Task brief:
In the listing below, find the line with "Dodatkowe informacje o" and copy every line from there up to and including the line with "除自動鋪絲/鋪帶機外,其他一", exactly and without pictures.
[Data listing — start]
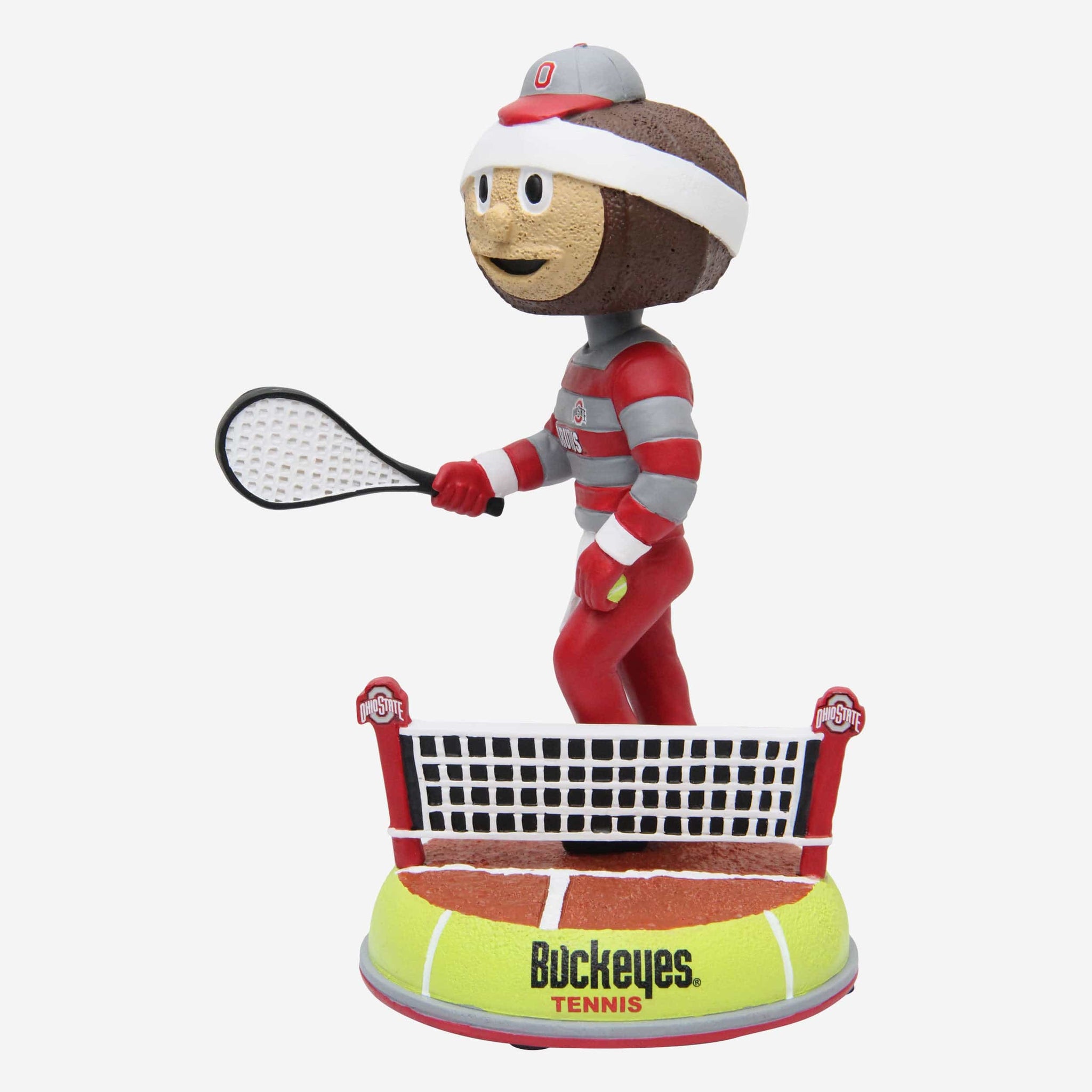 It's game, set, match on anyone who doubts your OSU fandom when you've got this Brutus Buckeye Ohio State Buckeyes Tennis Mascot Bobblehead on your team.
[Data listing — finish]
[Data listing — start]
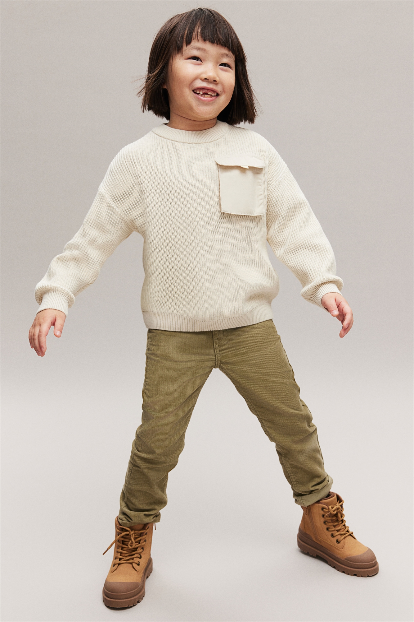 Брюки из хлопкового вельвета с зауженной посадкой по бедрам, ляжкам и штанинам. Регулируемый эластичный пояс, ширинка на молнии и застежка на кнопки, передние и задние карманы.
[Data listing — finish]
[Data listing — start]
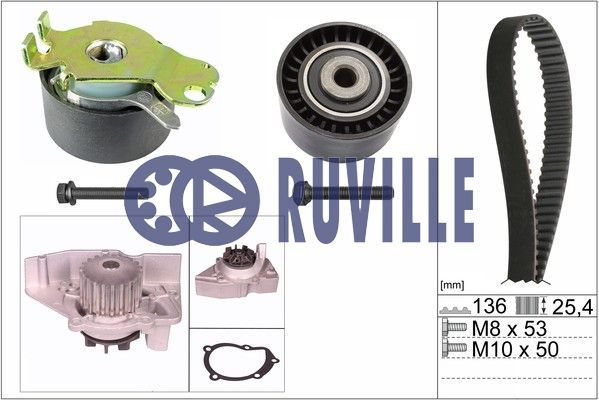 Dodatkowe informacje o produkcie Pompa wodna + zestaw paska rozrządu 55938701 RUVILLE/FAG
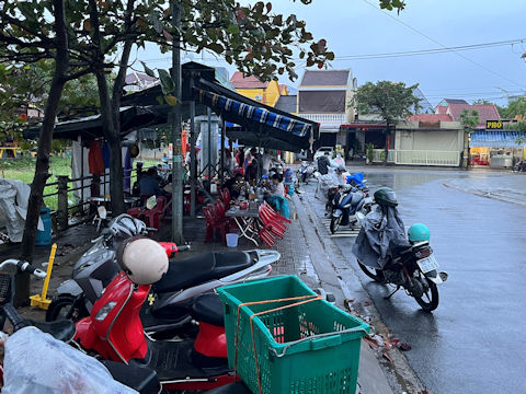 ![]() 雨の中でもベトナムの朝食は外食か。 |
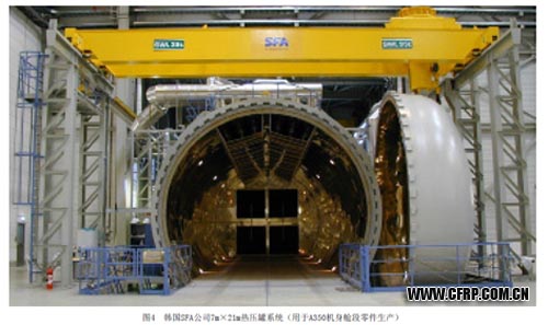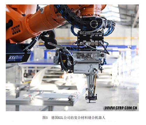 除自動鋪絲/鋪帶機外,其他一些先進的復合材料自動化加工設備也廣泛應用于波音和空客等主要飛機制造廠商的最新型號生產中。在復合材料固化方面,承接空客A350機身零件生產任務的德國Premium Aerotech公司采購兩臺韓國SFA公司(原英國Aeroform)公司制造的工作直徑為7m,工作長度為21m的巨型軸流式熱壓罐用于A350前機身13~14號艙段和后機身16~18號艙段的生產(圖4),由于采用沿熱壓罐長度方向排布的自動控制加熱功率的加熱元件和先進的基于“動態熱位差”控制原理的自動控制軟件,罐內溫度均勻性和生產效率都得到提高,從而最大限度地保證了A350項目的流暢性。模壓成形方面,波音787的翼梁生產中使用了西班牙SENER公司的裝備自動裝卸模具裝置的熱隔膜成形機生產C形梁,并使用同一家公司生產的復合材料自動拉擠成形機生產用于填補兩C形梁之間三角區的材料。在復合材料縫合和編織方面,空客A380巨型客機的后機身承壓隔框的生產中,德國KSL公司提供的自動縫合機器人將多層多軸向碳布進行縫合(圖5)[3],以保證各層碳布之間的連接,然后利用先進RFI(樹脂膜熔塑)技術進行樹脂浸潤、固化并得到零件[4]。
[Data listing — finish]
Result of this task:
 Dodatkowe informacje o produkcie Pompa wodna + zestaw paska rozrządu 55938701 RUVILLE/FAG
 ![]() 雨の中でもベトナムの朝食は外食か。 |
 除自動鋪絲/鋪帶機外,其他一些先進的復合材料自動化加工設備也廣泛應用于波音和空客等主要飛機制造廠商的最新型號生產中。在復合材料固化方面,承接空客A350機身零件生產任務的德國Premium Aerotech公司采購兩臺韓國SFA公司(原英國Aeroform)公司制造的工作直徑為7m,工作長度為21m的巨型軸流式熱壓罐用于A350前機身13~14號艙段和后機身16~18號艙段的生產(圖4),由于采用沿熱壓罐長度方向排布的自動控制加熱功率的加熱元件和先進的基于“動態熱位差”控制原理的自動控制軟件,罐內溫度均勻性和生產效率都得到提高,從而最大限度地保證了A350項目的流暢性。模壓成形方面,波音787的翼梁生產中使用了西班牙SENER公司的裝備自動裝卸模具裝置的熱隔膜成形機生產C形梁,并使用同一家公司生產的復合材料自動拉擠成形機生產用于填補兩C形梁之間三角區的材料。在復合材料縫合和編織方面,空客A380巨型客機的后機身承壓隔框的生產中,德國KSL公司提供的自動縫合機器人將多層多軸向碳布進行縫合(圖5)[3],以保證各層碳布之間的連接,然后利用先進RFI(樹脂膜熔塑)技術進行樹脂浸潤、固化并得到零件[4]。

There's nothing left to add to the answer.